There is a Cambria hotel in South Boston (the Cambria Hotel Boston, Downtown-South Boston) but the property was developed and is managed separately. The only thing the two hotels have in common is that they’re both part of the same franchise. There are roughly 130 Cambria properties either open or in the works across the country. Warshaw, who is also the developer behind the 35-story Raffles Boston Back Bay Hotel & Residences, is partnering with his Raffles cohort, hotelier Gary Saunders, on the new venture. The Saunders Hotel Group manages the Somerville Cambria. Despite the partnership, don’t expect the Cambria to go over-the-top like Raffles. Jordan said one of his goals in creating the hotel was making sure that it felt like part of the neighborhood.
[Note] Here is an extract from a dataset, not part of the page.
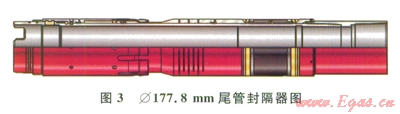 地層易漏和發(fā)生氣竄風(fēng)險(xiǎn)較高的固井施工,采用帶有管外封隔器的固井工具。Æl77.8mm尾管固井施工中,使用帶有管外封隔器的尾管懸掛器(圖3)。頂替水泥漿過(guò)程結(jié)束后,座封管外封隔器,在Æ177.8mm尾管與上層Æ244.5mm套管之間的環(huán)空實(shí)現(xiàn)完全封隔,循環(huán)洗井過(guò)程增加的壓力無(wú)法傳遞到裸眼段,同時(shí)還可阻止地層流體進(jìn)入封隔器以上的Æ244.5mm套管。

To do that, he turned to designer Bill Rooney of Bill Rooney Studio.
The New York-based Rooney, who has designed interiors for properties such as the Charles Hotel, the Liberty, and the Four Seasons One Dalton, added very subtle nods to Somerville’s industrial past. Look carefully at the wallpaper in the guest rooms and you’ll see rivets create the windowpane check pattern. The navy blue wallpaper and navy wainscotting, a refreshing change from the overwhelming number of neutral hotel rooms in Boston, are a nod to colleges in the area. At least it brings to mind colleges without putting the spotlight on any one school.
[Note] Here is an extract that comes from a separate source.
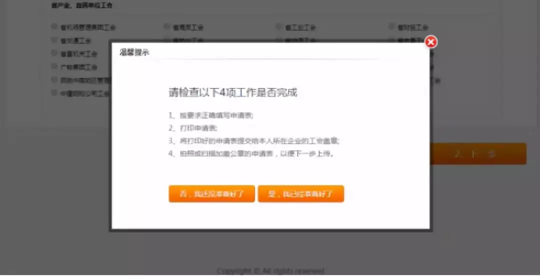 2.根據(jù)“溫馨提示”確認(rèn)是否已完成,如果未完成,點(diǎn)擊【否,我還沒準(zhǔn)備好】,并隨后完成所有工作;如果已完成,點(diǎn)擊【是,我已經(jīng)準(zhǔn)備好了】,進(jìn)入下一個(gè)頁面。在申報(bào)過程中,長(zhǎng)時(shí)間在網(wǎng)站頁面停留,會(huì)遇到頁面過期,遇到此問題需重新登錄;

“The region is so rich in history. It almost has its own vocabulary, and that’s something that I really love tying into,” Rooney said. “But I’m not here to create a period piece. What we’d like to do is to create something that juxtaposes the history and the youthful energy of the area. It’s got that loose light industrial connection, but it’s also very tailored. I really wanted the end result to feel fun and playful.”
Next on the Cambria to-do list is the launch of a game room, exact games to be announced. But Warshaw sees it as another way to incorporate the unique looking hotel into the neighborhood.
“I refuse to do anything that feels cookie cutter or corporate or anything like that,” Warshaw said. “So from residential buildings to hotels, I want them to be unique. I want them to have a boutique feel. I want them to be something that doesn’t feel like any place you’ve ever been, and I think that is definitely true for the Cambria.”